The performance of maximum likelihood (ML) versus means and variance adjusted weighted least square (WLSMV) estimation in confirmatory factor analysis

Philipp Yorck Herzberg André Beauducel
TU Dresden Universität Mannheim
Germany

Maximum likelihood (ML) estimation is most commonly used in confirmatory factor analysis (CFA) and structural equation modelling. ML-estimation assumes that the observed variables follow the multivariate normal distribution and that they are continuous on a scale with equally spaced intervals. However, most of the data in psychological research are ordinal data and they do not follow the multivariate normal distribution. One approach for analyzing ordinal data is the underlying approach, which assumes that the observed ordinal variables stem from a set of underlying latent continuous variables.

Comparisons of the maximum likelihood (ML) and the weighted least square (WLS) estimator for the analysis of ordinal data revealed that WLS-based standard errors showed high amounts of bias, especially with small samples sizes and moderate loadings.
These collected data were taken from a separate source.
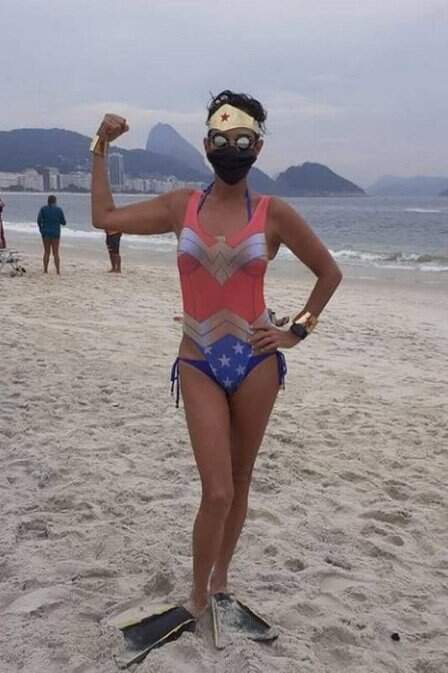 Ela faz o carnaval dela! Aos 57 anos, Andréa Beltrão foi à praia fantasiada. E posou linda de Mulher Maravilha mascarada e com pés de pato. Para quem não sabe, a atriz é adepta da natação há décadas, o que conferiu a ela equilíbrio e um corpo sequinho durante vários anos.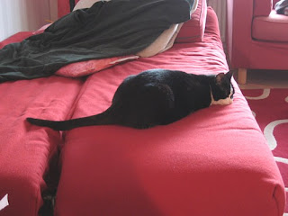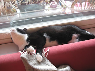 Ideoin uuden kuvion, tuon kruunun. Jos joku semmoisen tahtoo tassu pystyyn. Toinen sydän on menossa Tanjalle, toinen Riitalle kuten myös kissa. Onko sopivat? Heijastinkangas alkaa olla loppu, pitänee sitäkin ostaa. :D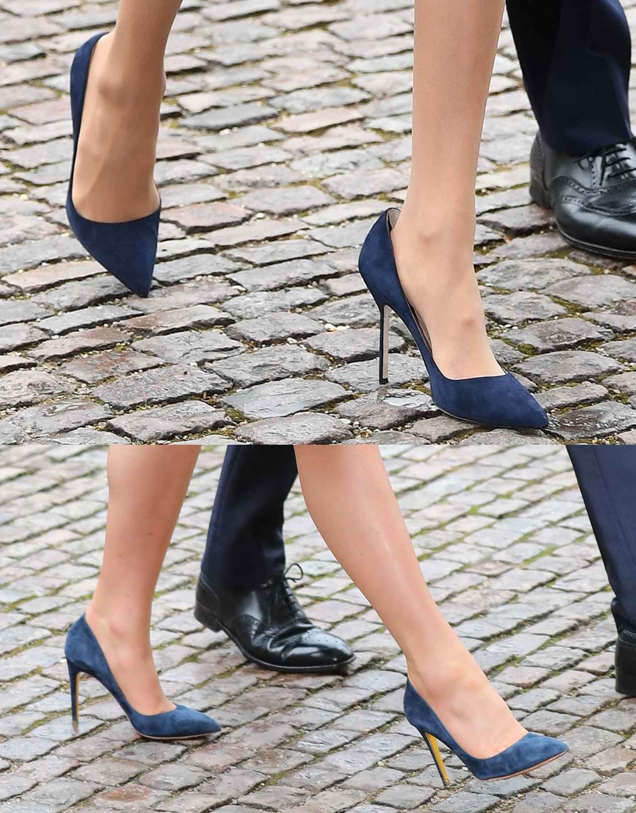 このおしゃれなおそろいコーデだけでも注目度は高いものの、人々の視線は2人の靴に集中! ネイビーのスエードのポインテッドトゥパンプスを履いている2人だけれど、どうみても同じ靴にしか見えない。しかし、じつはこの靴は違うブランドのもの。

However with increased nonnormality, ML-based parameter estimates, standard errors, and factor intercorrelations indicated also high levels of bias. Recently, Muthén introduced the weighted least square means and variance adjusted (WLSMV) estimator as a refinement of the WLS-estimator. The properties of this estimator for analysis of ordinal data have not yet been systematically investigated. This simulation study compares the ML- and the WLSMV-estimates for different sample sizes (250, 500, 750, 1000) when models vary in terms of number of variables (10, 20, 40 with 1, 2 and 3 latent factors respectively), kurtosis, skewness, and number of categories (2, 3, 5).
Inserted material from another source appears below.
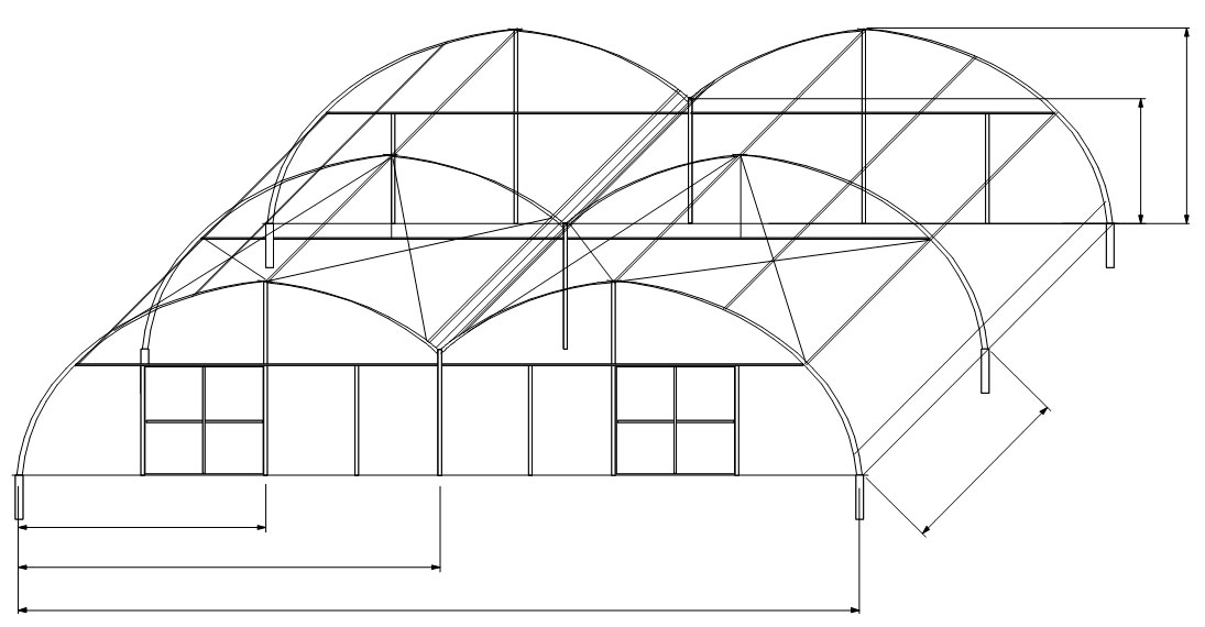 - Refuerzos internos cada 3 metros que sirven como soporte de malla de sombreo, mallas corredizas, riego por aspersión, sistema de iluminación, entutorado de plantas, mangas de calefacción etc.

The results indicate that the WLSMV-estimator compensates more effectively than the ML-estimator for the estimation bias that is due to the categorical aspects of the variables. Moreover, the WLSMV-estimator leads to acceptable standard errors of the model parameter even with sample sizes of about 500 cases, so that the WLSMV-estimator should be regarded as an interesting alternative to the ML-estimator for many research settings.